Plasmacytoid dendritic cells employ multiple cell adhesion molecules sequentially to interact with high endothelial venule cells - molecular basis of their trafficking to lymph nodes

Laboratory of Immunodynamics, Department of Microbiology and Immunology, Osaka University Graduate School of Medicine, Suita 565-0871, Japan.

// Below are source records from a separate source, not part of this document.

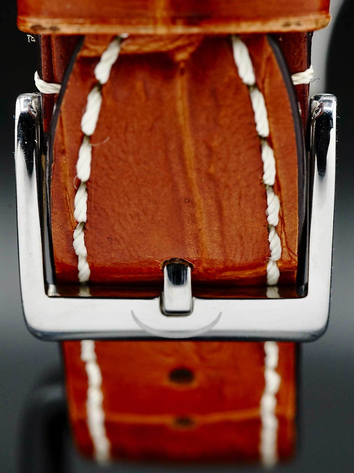 This MeisterSinger Pangaea Day Date features a 40mm stainless steel case with 6-screwed exhibition case back on a brown leather strap. This watch also showcases a sunburst blue dial with a single hand covered by scratch resistant sapphire crystal.
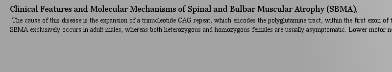 Pierre Ségur,M.-C. Bordage,M. Yousfi The cause of this disease is the expansion of a trinucleotide CAG repeat, which encodes the polyglutamine tract, within the first exon of the . (.) gene. SBMA exclusively occurs in adult males, whereas both heterozygous and homozygous females are usually asymptomatic. Lower motor neurons in the ant作者: Limerick 時(shí)間: 2025-3-27 16:46
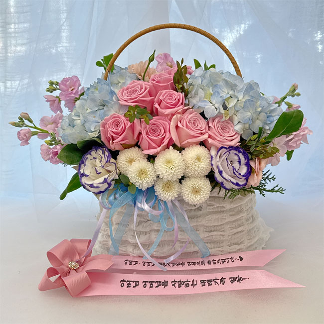 수국 장미 바구니

International Immunology (Impact Factor: 2.54). 10/2007; 19(9):1031-7. DOI: 10.1093/intimm/dxm088
Source: PubMed


Plasmacytoid dendritic cells (pDCs) are natural type I IFN-producing cells found in lymphoid tissues, where they support both innate and adaptive immune responses. They emigrate from the blood to lymph nodes, apparently through high endothelial venules (HEVs), but little is known about the mechanism. We have investigated the molecular mechanisms of pDC migration using freshly isolated DCs and HEV cells. We found that pDCs bound avidly to HEV cells and then transmigrated underneath them. Two observations suggested that these binding and migration steps are differentially regulated. First, treatment of pDCs with pertussis toxin blocked transmigration but not binding. Second, pDCs were able to bind but not to transmigrate under non-HEV endothelial cells, although the binding was observed to both HEV and non-HEV endothelial cells. Antibody inhibition studies indicated that the binding process was mediated by alphaL and alpha4 integrins on pDCs and by intercellular adhesion molecule (ICAM)-1, ICAM-2 and vascular cell adhesion molecule-1 on HEVs. The transmigration process was also mediated by alphaL and alpha4 integrins on pDCs, with junctional adhesion molecule-A on HEV cells apparently serving as an additional ligand for alphaL integrin. These data show for the first time that pDCs employ multiple adhesion molecules sequentially in the processes of adhesion to and transmigration through HEVs.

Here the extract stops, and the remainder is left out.